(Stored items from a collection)

╭──

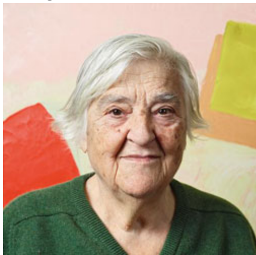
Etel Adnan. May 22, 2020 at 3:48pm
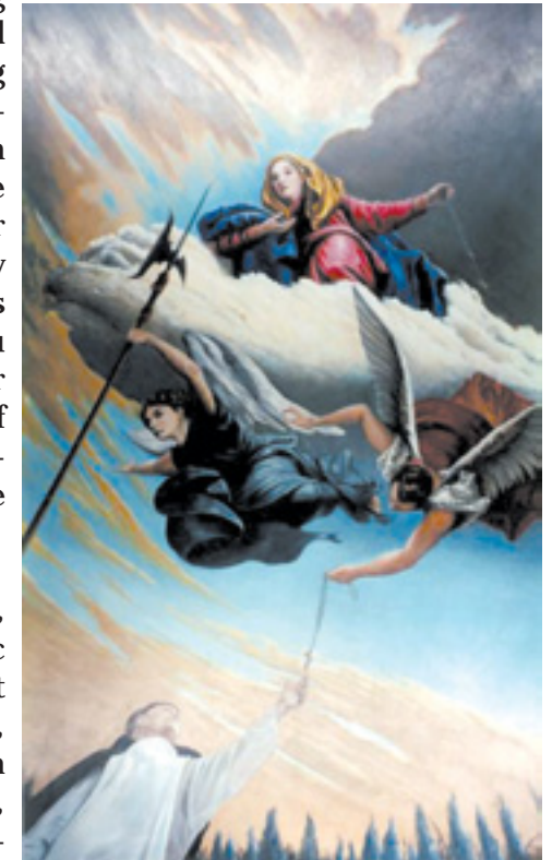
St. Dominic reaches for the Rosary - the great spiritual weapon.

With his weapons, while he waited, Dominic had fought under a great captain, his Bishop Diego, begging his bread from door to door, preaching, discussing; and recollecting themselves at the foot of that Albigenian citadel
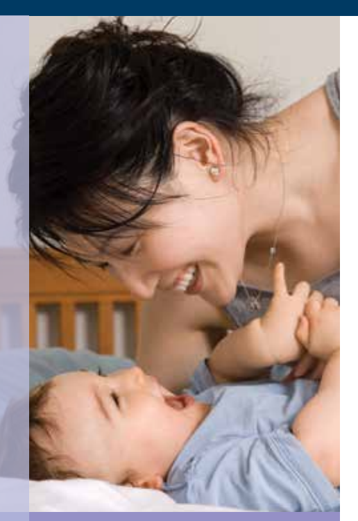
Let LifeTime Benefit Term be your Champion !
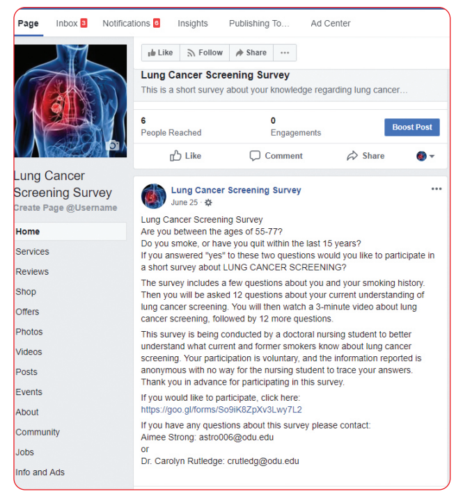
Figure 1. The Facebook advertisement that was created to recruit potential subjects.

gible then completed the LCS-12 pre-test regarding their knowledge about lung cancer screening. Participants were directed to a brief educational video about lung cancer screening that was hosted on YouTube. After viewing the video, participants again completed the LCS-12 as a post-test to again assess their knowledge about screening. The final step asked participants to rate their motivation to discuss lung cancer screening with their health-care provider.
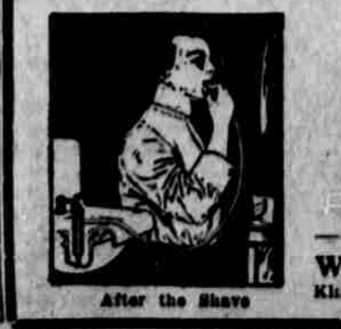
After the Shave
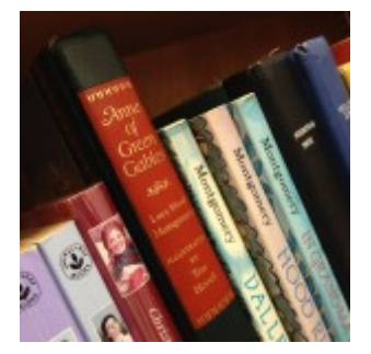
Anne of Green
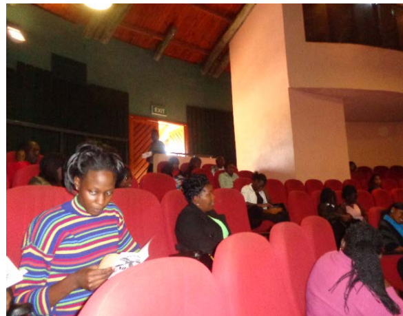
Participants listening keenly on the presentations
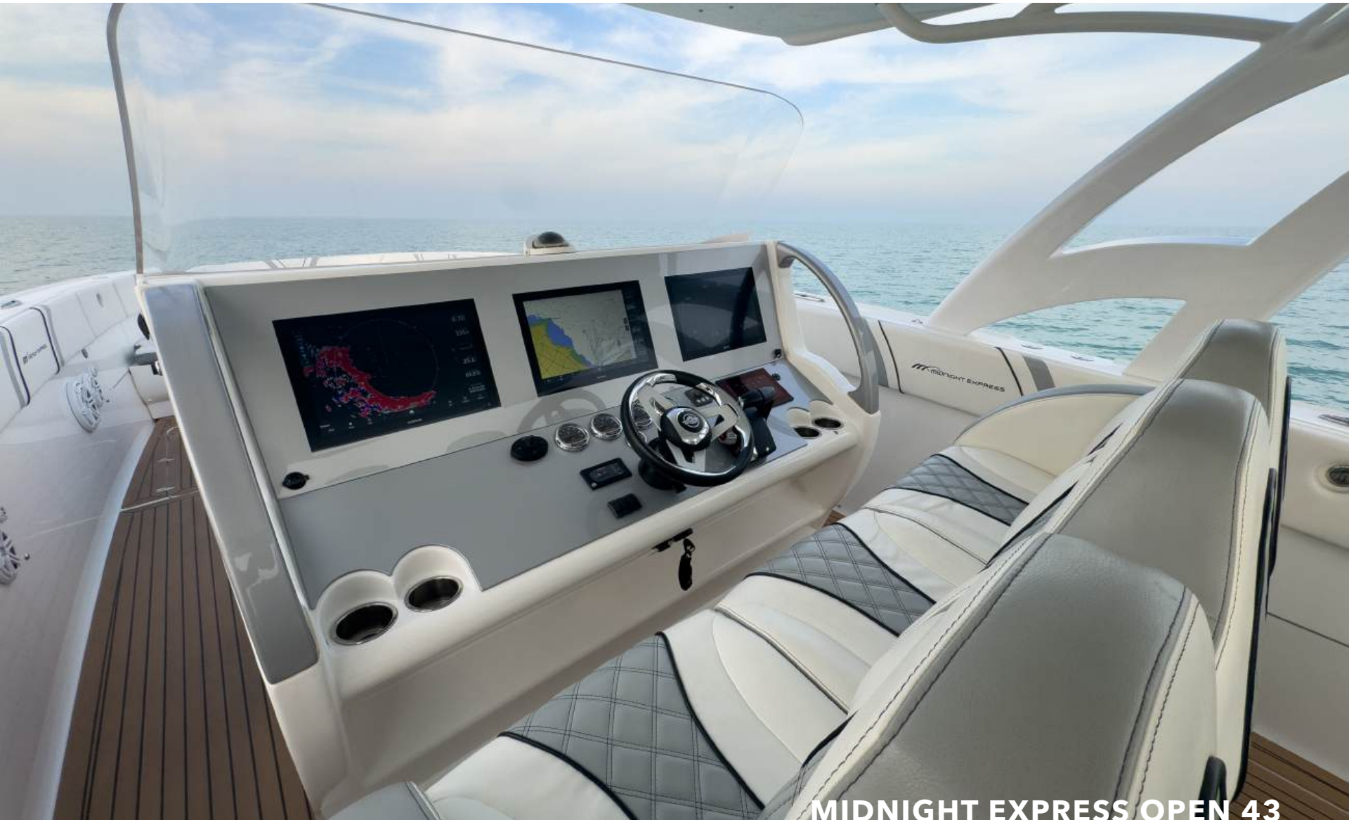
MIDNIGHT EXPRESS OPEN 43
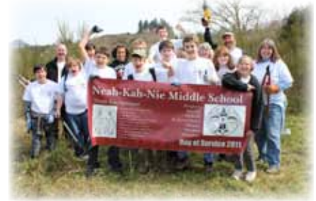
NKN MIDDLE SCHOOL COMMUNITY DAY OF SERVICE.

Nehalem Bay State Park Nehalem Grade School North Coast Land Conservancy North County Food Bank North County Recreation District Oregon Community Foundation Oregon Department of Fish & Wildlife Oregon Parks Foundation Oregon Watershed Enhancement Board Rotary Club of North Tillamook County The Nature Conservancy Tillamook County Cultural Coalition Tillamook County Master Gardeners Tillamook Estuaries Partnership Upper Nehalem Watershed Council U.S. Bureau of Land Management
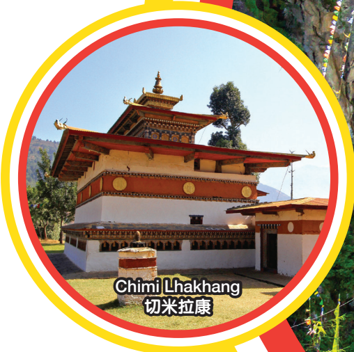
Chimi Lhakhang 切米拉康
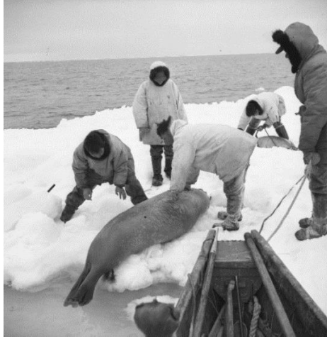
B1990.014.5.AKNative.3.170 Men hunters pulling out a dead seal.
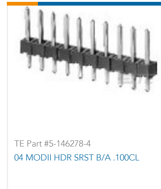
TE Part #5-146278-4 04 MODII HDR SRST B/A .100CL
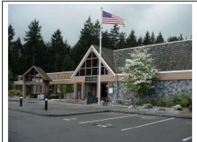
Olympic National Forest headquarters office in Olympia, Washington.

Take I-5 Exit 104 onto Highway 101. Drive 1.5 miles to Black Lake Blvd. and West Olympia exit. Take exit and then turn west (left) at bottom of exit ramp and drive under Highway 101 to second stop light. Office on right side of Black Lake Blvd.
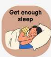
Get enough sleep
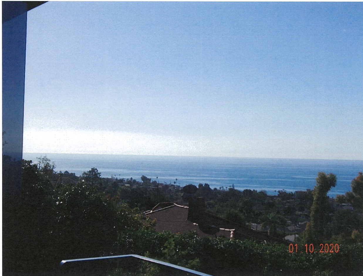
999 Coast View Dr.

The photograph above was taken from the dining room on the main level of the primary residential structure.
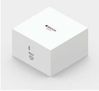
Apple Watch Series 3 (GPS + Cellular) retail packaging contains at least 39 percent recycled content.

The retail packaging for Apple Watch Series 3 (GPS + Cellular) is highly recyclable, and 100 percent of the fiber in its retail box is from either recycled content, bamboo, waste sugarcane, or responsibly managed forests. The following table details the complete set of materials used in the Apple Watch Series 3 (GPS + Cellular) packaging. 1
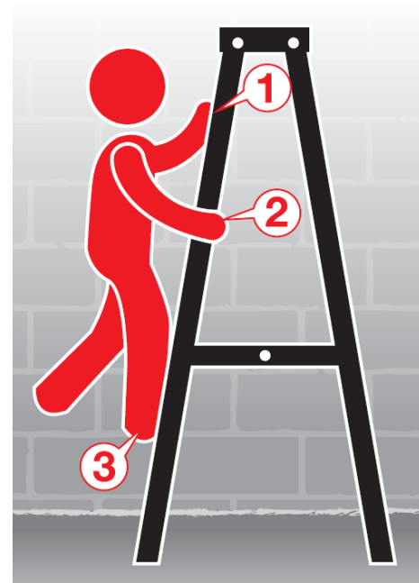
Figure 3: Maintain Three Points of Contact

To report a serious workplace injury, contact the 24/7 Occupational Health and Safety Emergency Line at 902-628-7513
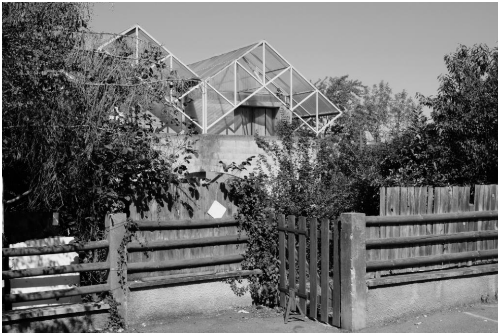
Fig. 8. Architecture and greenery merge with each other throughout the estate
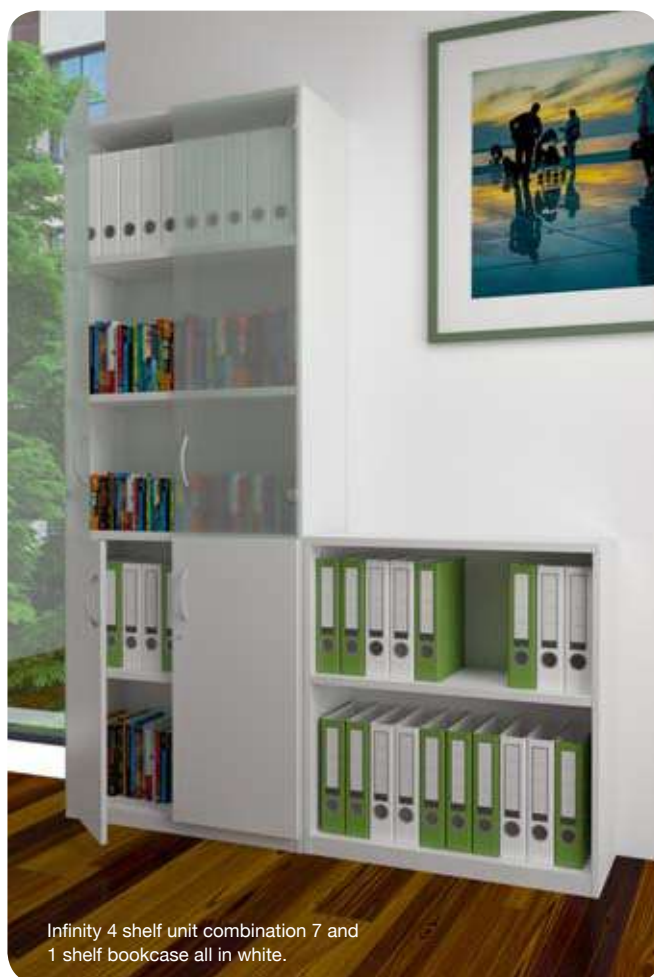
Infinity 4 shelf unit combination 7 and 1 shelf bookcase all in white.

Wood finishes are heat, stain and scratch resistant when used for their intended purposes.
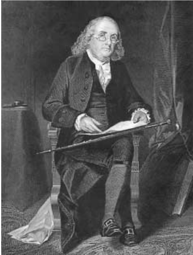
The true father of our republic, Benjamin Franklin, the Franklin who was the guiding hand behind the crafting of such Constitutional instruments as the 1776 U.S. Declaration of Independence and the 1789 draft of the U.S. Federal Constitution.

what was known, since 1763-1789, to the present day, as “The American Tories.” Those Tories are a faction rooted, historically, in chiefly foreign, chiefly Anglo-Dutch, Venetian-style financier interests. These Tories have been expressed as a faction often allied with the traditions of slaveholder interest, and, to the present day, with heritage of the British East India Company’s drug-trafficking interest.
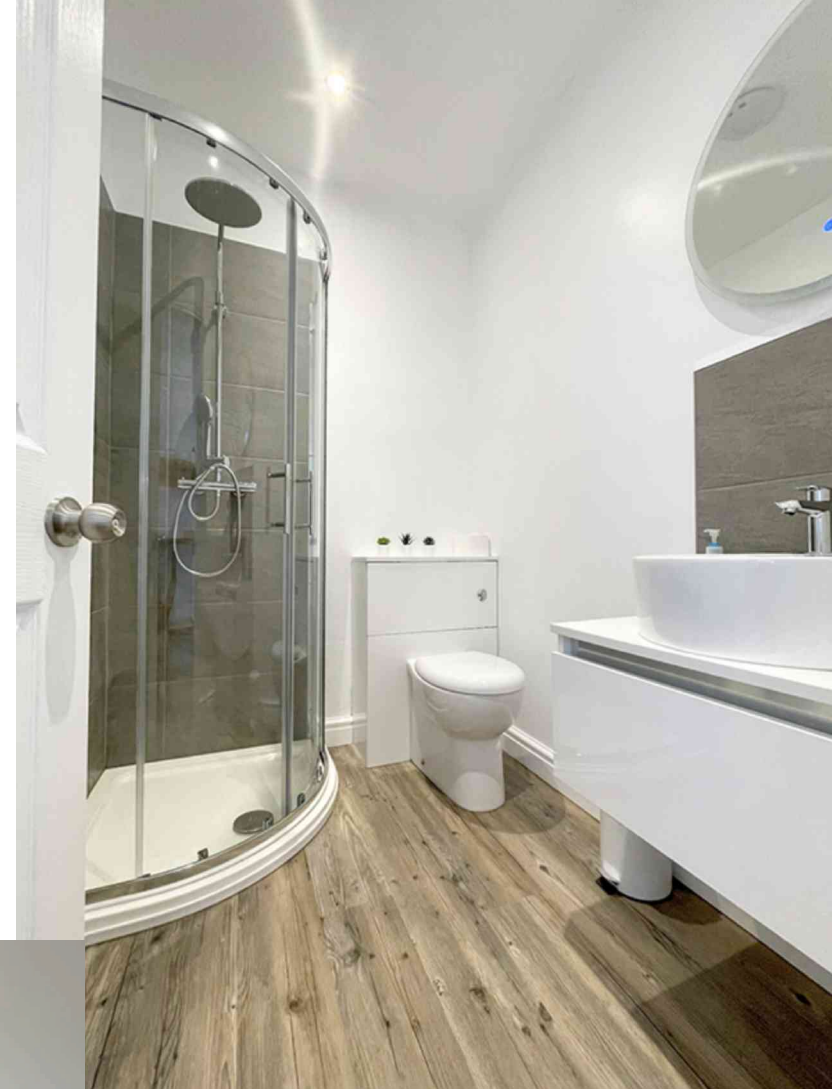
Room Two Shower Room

╰──

*WHAT TO PRODUCE*. Write down how many lines of the data above contain the word "Olympia", with nothing else.

*ANSWER TO THIS TASK*. 2